Comments
for the Record
United
States House of Representatives
Fiscal
Year 2019 Budget Request
Wednesday, February 14, 2018, 10:00 A.M.
1100 Longworth House Office Building
By
Michael G. Bindner
Center for Fiscal Equity
Chairman Brady and Ranking Member Neal, thank you for the opportunity to submit
these comments for the record to the Committee on Ways and Means on the HHS FY 2019
Budget Request.
- A Value Added Tax (VAT) to fund domestic military spending and
domestic discretionary spending with a rate between 10% and 13%, which
makes sure very American pays something.
- Personal income surtaxes on joint and widowed filers with net annual
incomes of $100,000 and single filers earning $50,000 per year to fund net
interest payments, debt retirement and overseas and strategic military
spending and other international spending, with graduated rates between 5%
and 25%.
- Employee contributions to Old
Age and Survivors Insurance (OASI) with a lower income cap, which allows
for lower payment levels to wealthier retirees without making bend points
more progressive.
- A VAT-like Net Business Receipts Tax (NBRT), which is essentially a
subtraction VAT with additional tax expenditures for family support, health care and the private delivery of
governmental services, to fund entitlement spending and replace income tax
filing for most people (including people who file without paying), the
corporate income tax, business tax filing through individual income taxes
and the employer contribution to OASI, all payroll taxes for hospital
insurance, disability insurance, unemployment insurance and survivors
under age 60.
Discretionary activities of the Department
of Health and Human Services would be funded by the VAT. While some of our VAT proposals call for
regional breakdowns of taxing and spending, they do not for this department.
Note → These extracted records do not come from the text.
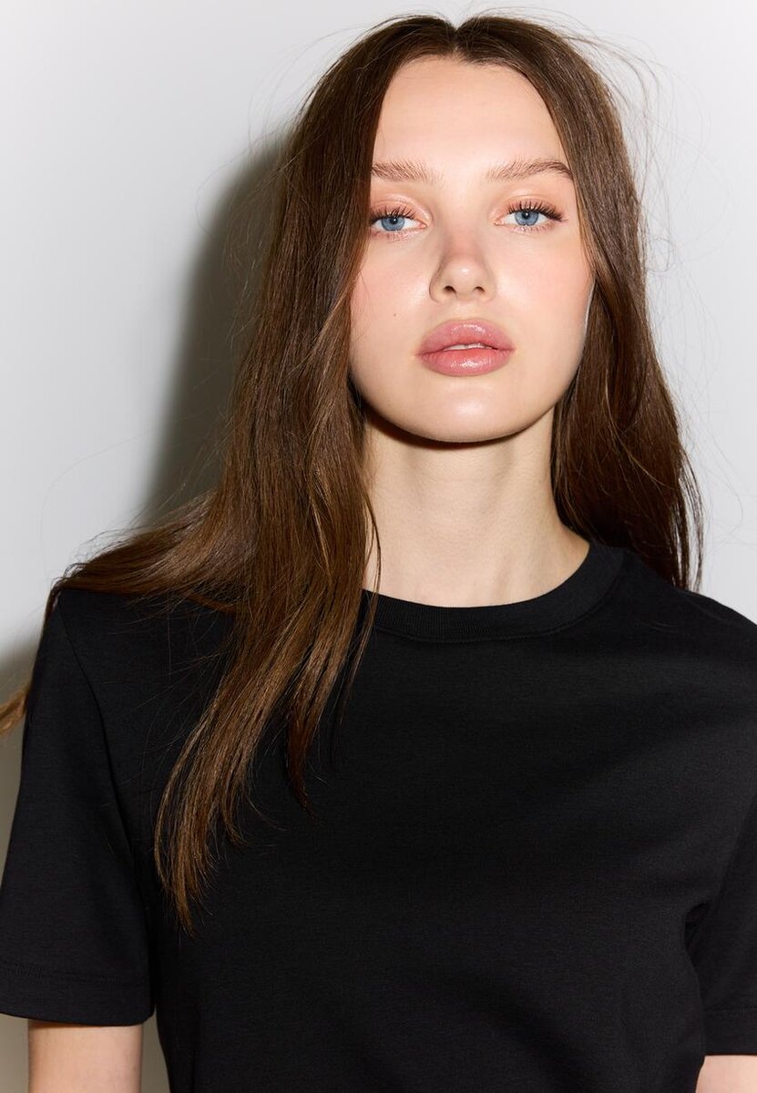 Basisplagg med rett, normal passform laget av bomullsstoff. Med rund hals og korte ermer. Tilgjengelig i ulike farger.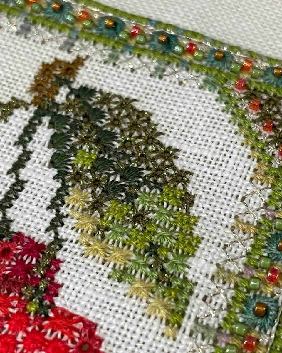 You will use normal cross stitch and Special Stitches, normal DMC cotton floss as well as beautiful silk fibers, etc., and adorn the entire embroidery with some beads too.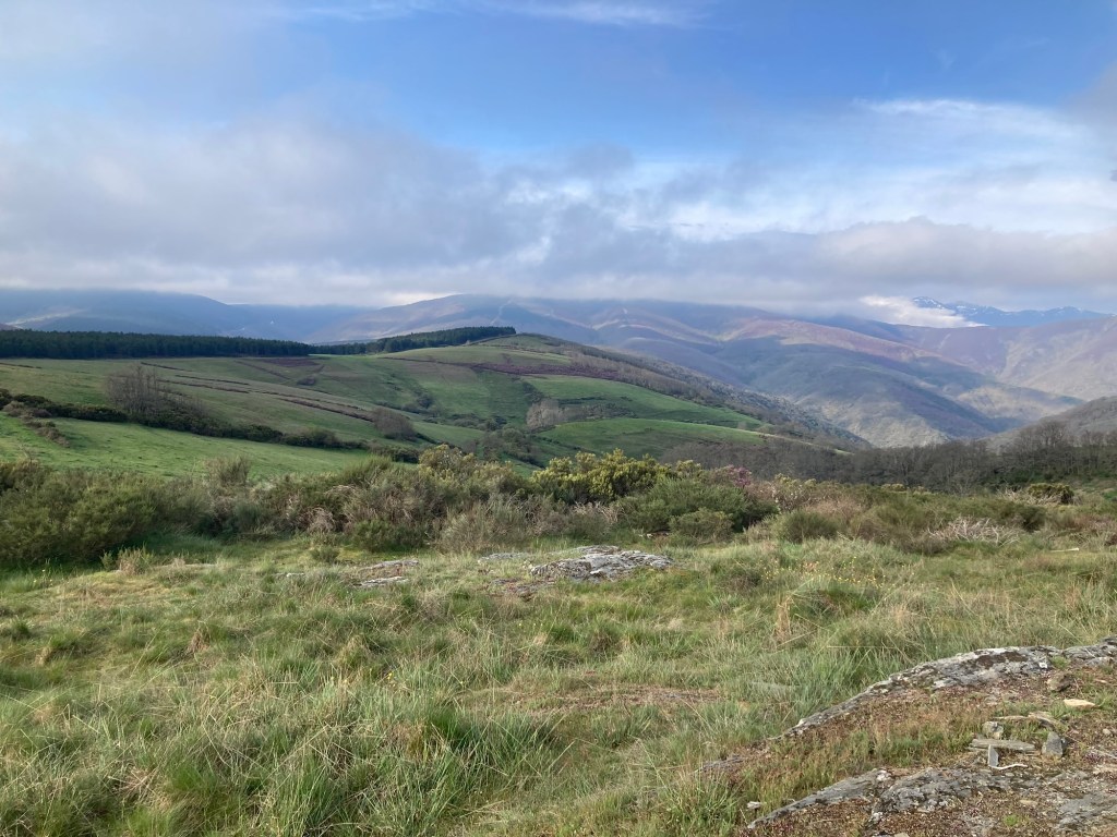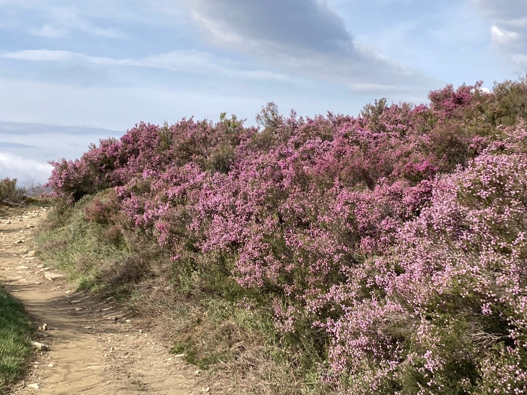 Candidly, I was very anxious about today’s walk. My last full-mountain walk did not go well (see page 1, in the Pyrenees!). I’m not a big fan of walking up. Adding to the fact that this was a highest point on the Camino, and with my shin splints and tendinitis…you get the picture. As it turned out, I managed the ascent very well. It was actually enjoyable. The weather was perfect. It was the descent that nearly killed me! The path was rock strewn, sometimes barely wide enough to pass, sometimes only a gully from previous rains. The path was trying at every turn to twist, sprain or break my ankle! It took me hours to get down. Having said all that negative stuff, the scenery was breathtaking. Miles and miles of spring flowers and bushes in bloom…purple heather, yellow and white scotch broom. The high mountain ranges in the distance. At lower altitudes, the wild lavender was also blooming. And other flowers that I have no idea what they were. It was a long and grueling day. I’m in a nice alberque in a nice little village. I’m heading out now to find some dinner.

While some activities, such as the Centers
for Disease Control, exist outside the Washington, DC metro area, even these
are site specific rather than spread out on a nation-wide basis to serve the
public at large. While some government
activities benefit from national and regional distribution, health research
will not.
The one reform that might eventually be
considered in this area is to more explicitly link government funded research
with ownership of the results, so that the Department might fund some of their
operations with license agreements for some of the resulting research, enabling
an expanded research agenda without demanding a higher budget allocation.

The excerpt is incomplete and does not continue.